====== Records for this exercise

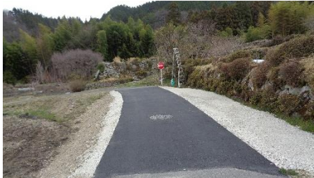
県営中山間 細野防火
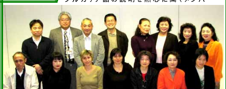
第3期第4回・ブルガリア理解講座の後に記念の写真に
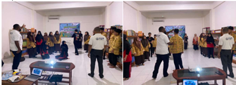
Gambar 5. Aktivitas Chinese Whisper

Setelah sesi pengantar, para peserta dibagi ke dalam dua kelompok untuk mengikuti aktivitas pembelajaran yang dikenal dengan istilah Chinese Whisper atau pesan berantai (lihat gambar 5). Pemateri terlebih dahulu memaparkan aturan permainan kepada seluruh peserta. Selanjutnya, peserta diinstruksikan untuk berdiri membentuk barisan sesuai dengan kelompok masing-masing dan mereka harus berdiri menghadap ke depan. Pemateri kemudian membisikkan sebuah kata atau frasa dalam bahasa Inggris sambil memperlihatkan flashcard yang memuat kata atau kalimat tersebut kepada peserta yang berada di barisan paling belakang dari kedua kelompok, contohnya kata “ student ” atau “ I am a student ”. Pesan tersebut disampaikan secara berantai dengan cara berbisik dari satu peserta ke peserta lainnya hingga mencapai peserta yang berdiri paling depan. Peserta yang menerima pesan lalu mengangkat tangan sebagai tanda telah menerima pesan, lalu mengucapkan kata atau kalimat yang didengar. Kelompok yang dapat menyampaikan pesan dengan benar dan jelas memperoleh tiga poin. Pada tahap selanjutnya, instruksi permainan dimodifikasi; peserta yang berada di posisi paling depan diminta untuk menuliskan kata atau kalimat yang diterima (berkaitan dengan kosakata profesi) di papan tulis ( whiteboard ).
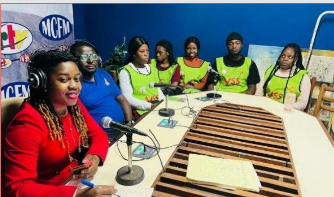
GTR-SUD OUEST : SENSIBILISATION DE MASSE À TRAVERS MONT CAMEROON FM / CRTV
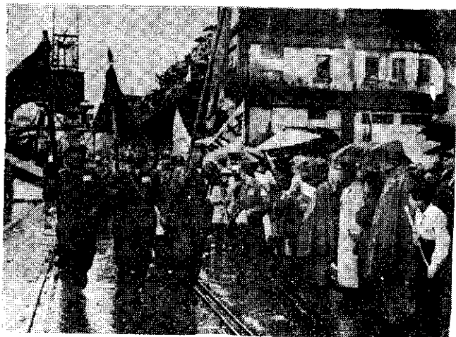
迎歡兩冒衆民時岸登們士義

============

■ **Exercise objective**
The lines from the one containing "GTR-SUD OUEST : SENSIBILISATION" through the last line of the data above are to be transcribed exactly, both included, with all pictures left out.

■ **Task result**
GTR-SUD OUEST : SENSIBILISATION DE MASSE À TRAVERS MONT CAMEROON FM / CRTV
迎歡兩冒衆民時岸登們士義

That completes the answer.